IN A MOOSE LANGUAGE ONLY SHE COULD UNDERSTAND

In a coastal town in southern Florida a beautiful moose was born into a loving family. There was a mother, who stayed home and baked cookies, and a father, who went to work at an architectural firm where he designed tunnels and bridges that spoke to humanity's longings for the intrinsic qualities of nature within a structure made of steel and concrete. But this beautiful moose was unhappy, almost from the day of her birth. She wore a sad expression on her face daily. She talked only of sadness and pain and despair, but in metaphysical terms her parents could not understand. At Christmas she felt guilty because she received expensive Barbies and pogo sticks and tinker toys when other children were searching landfills for food. She cared nothing for school and stared out the window while contemplating the number of times the wind blew a dandelion bloom into the side of a building. Her teachers called her lazy. Her parents went to parent-teacher conferences and shook their heads. Her mother could not understand why, her father banged his fists against the wall and cried. The sadness of the beautiful moose was starting to affect the stability of the marriage. Soon there would be an affair with a beautiful bookkeeper. Soon the black leather couch and the dining room table would be all the furniture left in the house.

One day, in her freshman year of college, the beautiful moose became enraged with the world, so enraged that she contemplated killing her roommate, her biology teacher, her boyfriend and his dog. She did not understand why she thought of doing these things. She went to a well-recommended moose psychiatrist and told of her fears. The moose psychiatrist wrote down things like passivity, acceptance, indifference, ineffectual rage, and counteractions. He wrote PRIVATE and CONFIDENTIAL on her file and locked it in a mahogany-colored filing cabinet. He gave her a prescription for Xanax. The beautiful moose did not feel any happier, but she also did not care that she was unhappy. She did not kill her roommate or her biology teacher or her boyfriend and his dog. No one ever found out about the file. She graduated with a degree in animal husbandry and married a man who would become a prominent meteorologist at a highly-ranked local station that was independently owned by an environmentalist who believed in Global Warming and drove a hybrid SUV. They were a happy family. They moved to a small forest in Anchorage just far enough outside the city limits. They sharpened their antlers on glaciers made of blue ice and ate clover in the springtime. It was a magical world, but it would not last for long.

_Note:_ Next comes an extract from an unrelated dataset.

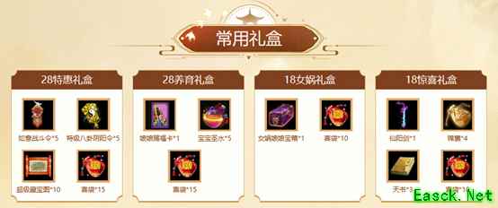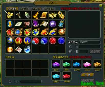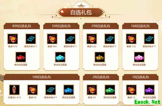 玩家可以根据自己的游戏需求,选择自选礼包商城里的物品,自由搭配同种类的道具,只要所选道具的价值满足相应“自选礼包类型”的要求,当价格达到1800元宝、2800元宝、10800元宝等不同档次时,就可以将所选道具打包成相应的礼包,并且还能获得相应的赠品。

When the beautiful moose became with child she was blissfully happy for the first time in her life. She knew just what kind of mother she would be, she knew the games she would play with her moose child, the fun they would have at the park. But after the beloved moose child was born the meteorologist became moody and defensive. He became jealous of the moose child and worried that he did not make enough money to support the three of them. He spent nights away from home, telling his moose wife he was working hard to earn extra money. The moose wife became sad again, she painted every room in the house a different color, took up needle pointing and participated in a weekly Jazzercise class but nothing worked. She did not like staying home with the moose child when the meteorologist was out earning money so she ran away to New York, leaving her moose child behind. The meteorologist became enraged and threatened to keep the moose child from his beautiful moose wife unless she came back home. The moose wife became even sadder but she could not go back home. Instead she moved halfway back and settled in Montana, spending the rest of her life wishing that she had killed the meteorologist in his sleep long ago.

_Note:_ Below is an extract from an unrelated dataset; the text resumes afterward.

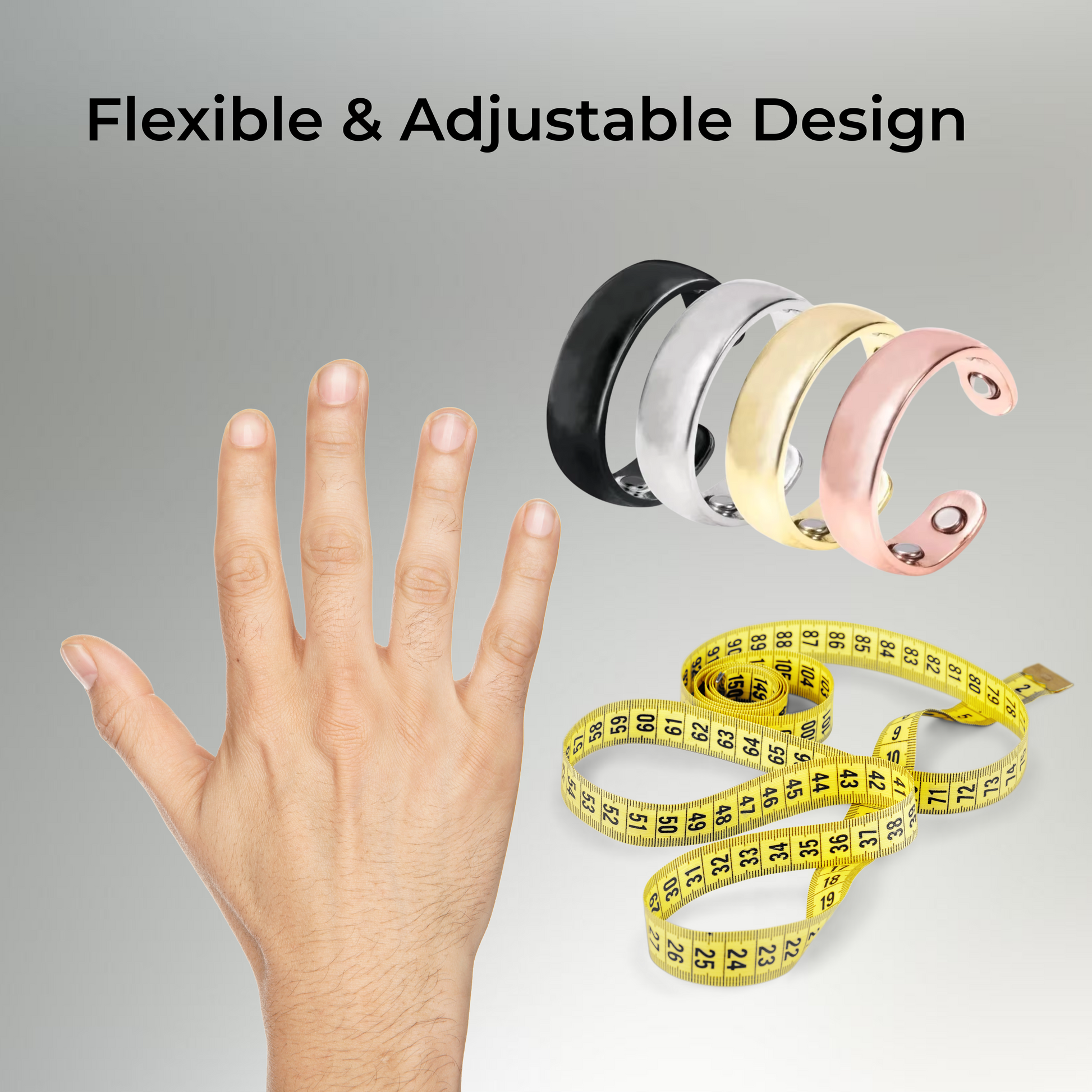 Magnetic therapy works by gently stimulating key pressure points and improving blood circulation through natural magnetic fields. When worn on the finger, the embedded magnets in the Zyro Ring™ interact with your body’s energy flow, helping to reduce inflammation, ease joint discomfort, and support overall wellness — all without any effort on your part.

By this time the moose child was as sad as her mother had ever been and started cutting down trees with her antlers as a release from the pain and suffering. The meteorologist built her a canoe. The moose child carried the canoe to a campsite to embark on a soul-searching trip that she hoped would bring clarity to her life but a group of campers made fun of the way she talked so she beat them with the canoe instead, killing eight park rangers, two Inuit’s, and an Alaskan Husky/Chow mix dog that was eating a peanut butter sandwich from the trash. When the rampage was over the moose child stood in the canoe, waiting for the police to arrive. Later the meteorologist would blame his beautiful moose wife for the problems of the child and the moose wife would accept complete responsibility. Later the moose child would dream of a life in Japan from her prison cell and speak to herself in a moose language that only she could understand.